### INFORMATION SUPPLIED
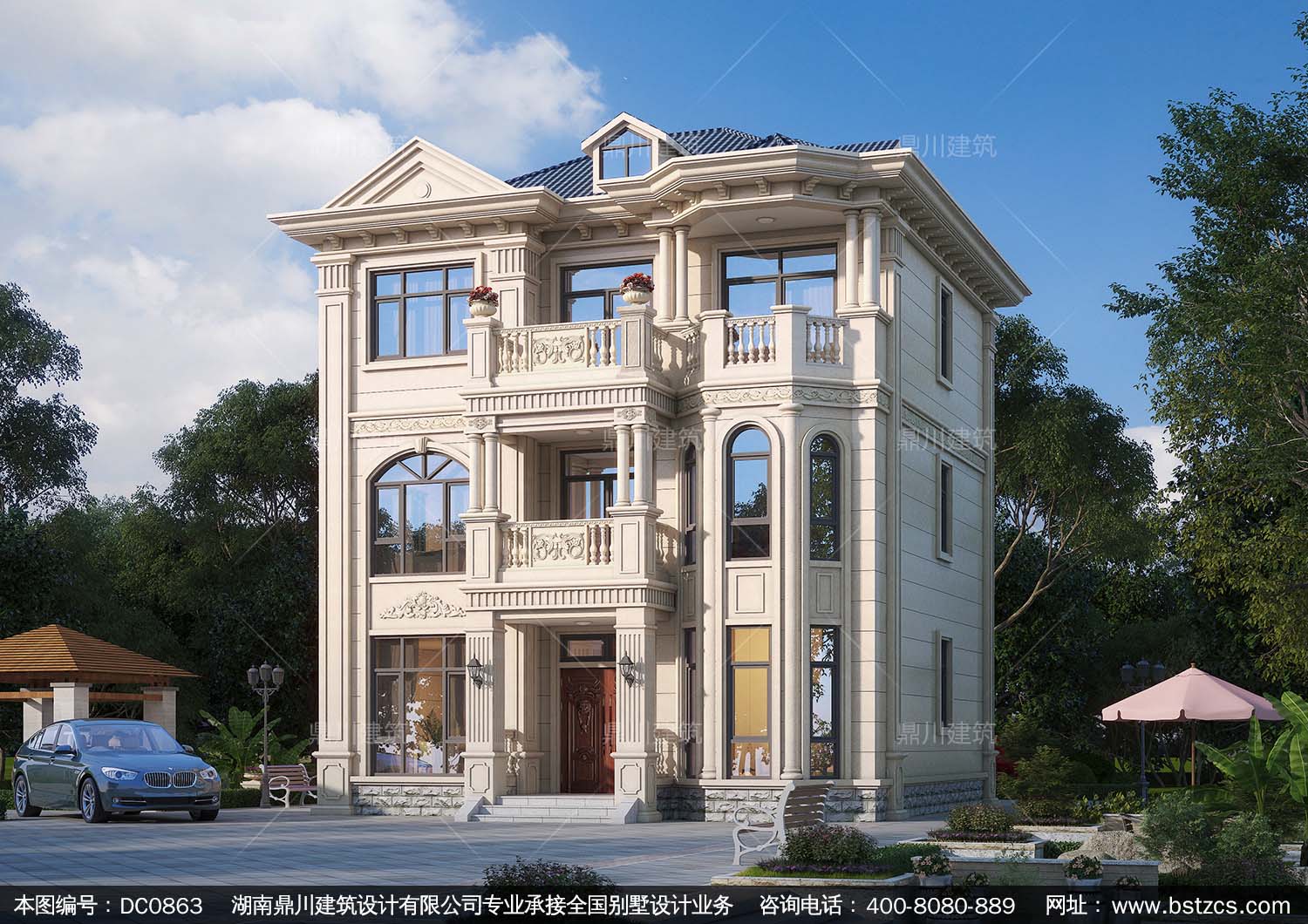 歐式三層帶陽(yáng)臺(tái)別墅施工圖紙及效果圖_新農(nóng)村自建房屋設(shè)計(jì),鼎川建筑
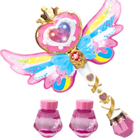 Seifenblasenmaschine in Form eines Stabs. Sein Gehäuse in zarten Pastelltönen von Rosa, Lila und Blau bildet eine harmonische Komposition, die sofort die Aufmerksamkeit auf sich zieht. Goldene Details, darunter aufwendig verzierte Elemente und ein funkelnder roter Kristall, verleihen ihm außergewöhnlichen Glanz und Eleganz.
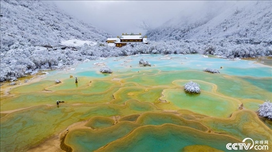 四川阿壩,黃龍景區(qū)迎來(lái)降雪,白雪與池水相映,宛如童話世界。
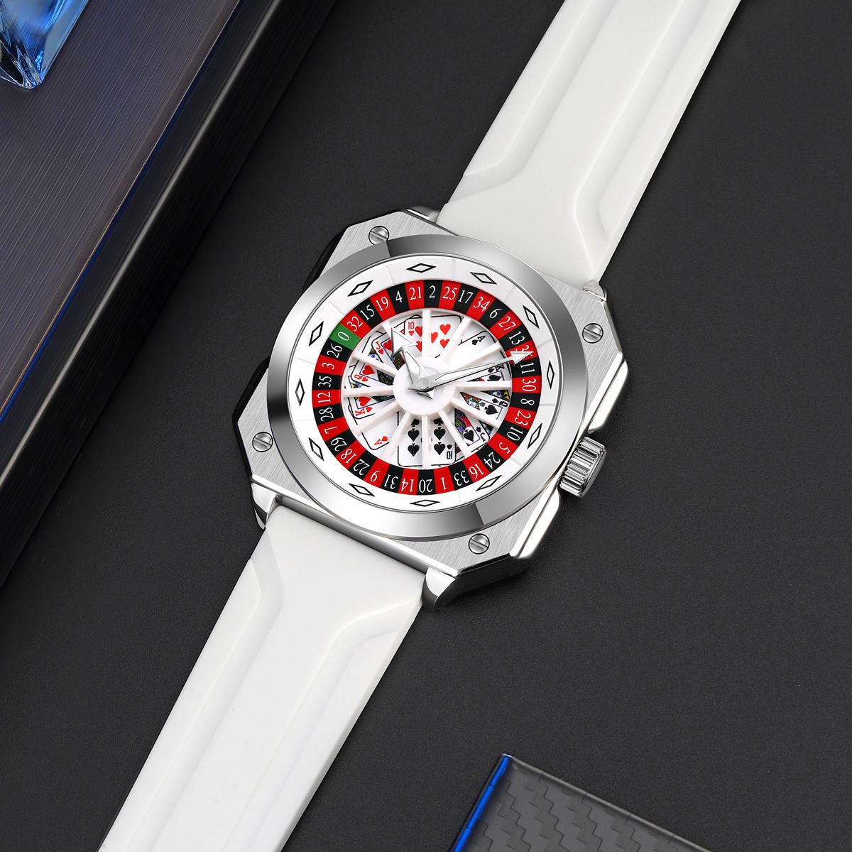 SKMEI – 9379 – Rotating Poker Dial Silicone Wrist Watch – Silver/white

### TASK TO COMPLETE
Go through the listing above and retype each line exactly, apart from the pictures.

### EXERCISE RESULT
 歐式三層帶陽(yáng)臺(tái)別墅施工圖紙及效果圖_新農(nóng)村自建房屋設(shè)計(jì),鼎川建筑
 Seifenblasenmaschine in Form eines Stabs. Sein Gehäuse in zarten Pastelltönen von Rosa, Lila und Blau bildet eine harmonische Komposition, die sofort die Aufmerksamkeit auf sich zieht. Goldene Details, darunter aufwendig verzierte Elemente und ein funkelnder roter Kristall, verleihen ihm außergewöhnlichen Glanz und Eleganz.
 四川阿壩,黃龍景區(qū)迎來(lái)降雪,白雪與池水相映,宛如童話世界。
 SKMEI – 9379 – Rotating Poker Dial Silicone Wrist Watch – Silver/white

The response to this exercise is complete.